On the other side, there are cases where technical debt has to be paid off all at once. For example, one application I work on is still running on Rails 1.1.6. Rails is now at version 2.3, and there have been a multitude of changes that would make this application easier to work on. Unfortunately, migrating up to the latest version of Rails is going to take a fairly substantial chunk of time, and it all has to be invested at once.

In both of these examples, good unit tests are the key to being able to pay off the debt at all. In the first case, making “improvements” to the code while you’re working on it can be risky if you don’t have the tests you need to insure that you haven’t broken the business logic in an effort to clean things up.
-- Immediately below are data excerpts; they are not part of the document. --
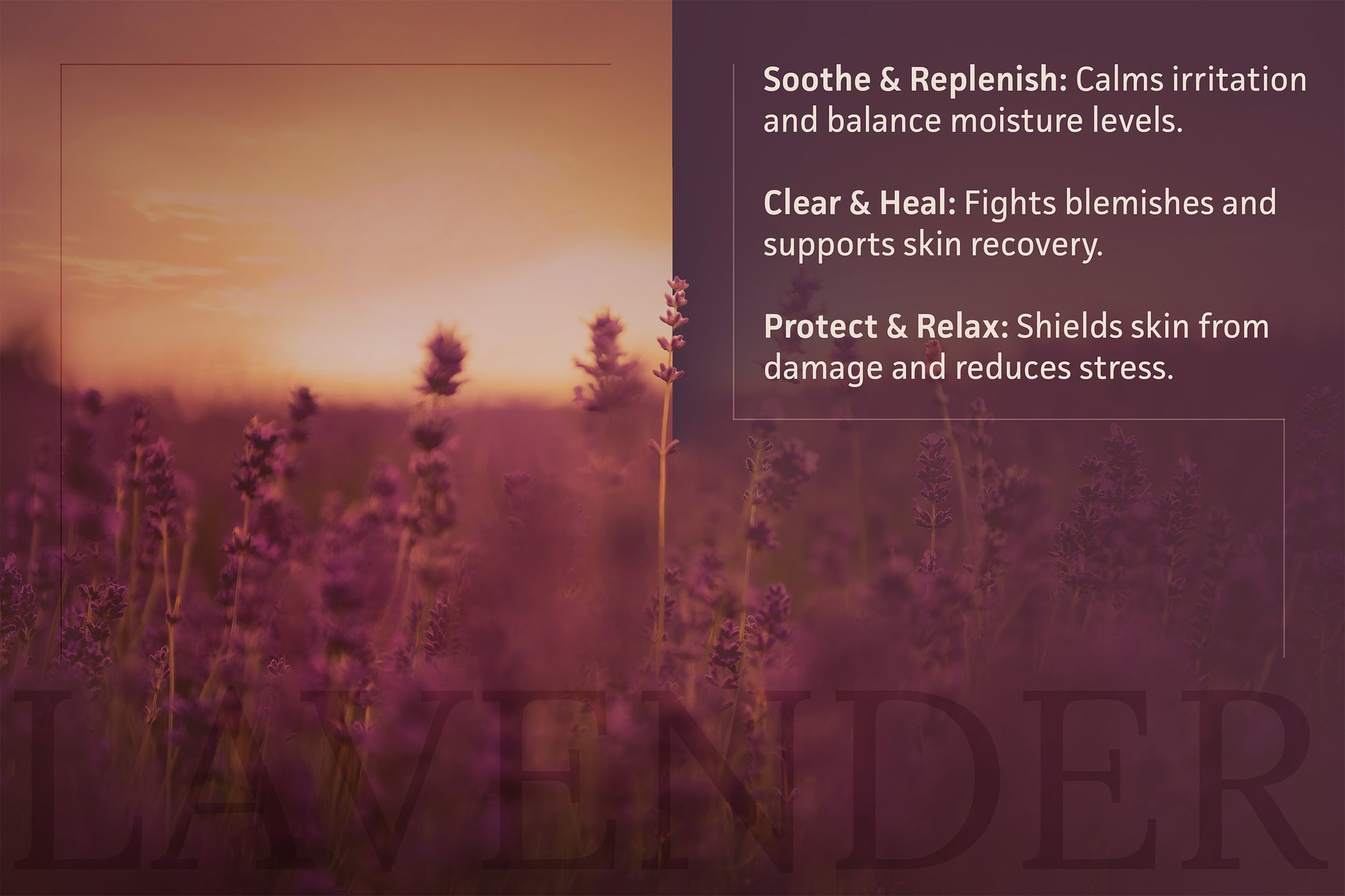 Relieves irritation, blemishes, redness, and inflammation while calming stressed or blemish-prone skin. Lavender’s naturally soothing touch supports balance and comfort with every application — so your skin feels clearer, softer, and more at ease.
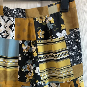 Floral print multicolor retro Midi length pleated skirt A-line skirt
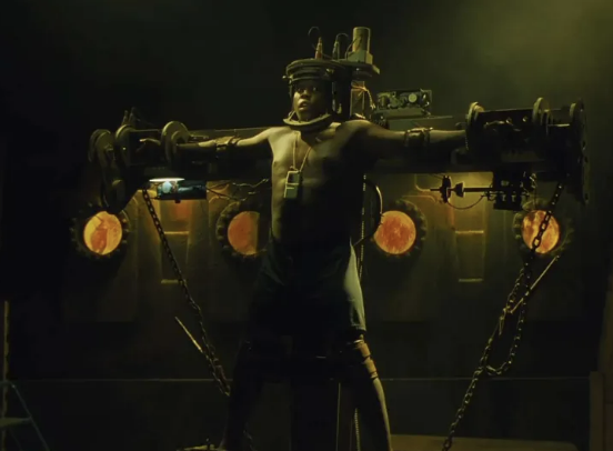 - 설명: 쇠사슬이 자석에 의해 천천히 끌려가며 몸을 찢음.

In the second example, having a solid suite of automated tests makes it possible to rapidly locate and repair all of the problems you run into when making a large set of changes.

I suppose then that I’d argue that inadequate tests are one of the most painful types of technical debt that a project can accrue. On the upside, it can be paid off gradually.

Technical Debt

The other day I was reading an article by Martin Fowler in which he referred to the term technical debt. He credits Ward Cunningham for coining the term, which is defined thusly:

Technical Debt is a wonderful metaphor developed by Ward Cunningham to help us think about this problem. In this metaphor, doing things the quick and dirty way sets us up with a technical debt, which is similar to a financial debt. Like a financial debt, the technical debt incurs interest payments, which come in the form of the extra effort that we have to do in future development because of the quick and dirty design choice. We can choose to continue paying the interest, or we can pay down the principal by refactoring the quick and dirty design into the better design. Although it costs to pay down the principal, we gain by reduced interest payments in the future.

This is a nice, business-y way to discuss a problem every developer is familiar with. You could publish a blog just on ways projects incur technical debt and how to address those problems. In fact, I’d argue that one of the primary jobs of a team leader or manager on a technical team is to spot places where technical debt is being incurred so that it can be addressed later on.

The burden falls on the person leading development, because nobody else involved in the project is going to take care of it. The product manager (or project manager) are properly focused on budget, schedule, and specifications. The quality assurance team is focused on making sure the application produces the right output given the right input. Only the developers themselves can be responsible for reducing or avoiding technical debt while addressing the other audiences.

I think that most of the worthwhile fights that developers have with other members of the team are over issues of technical debt, it’s just that few people refer to it that way.

Expect more posts on technical debt in the future.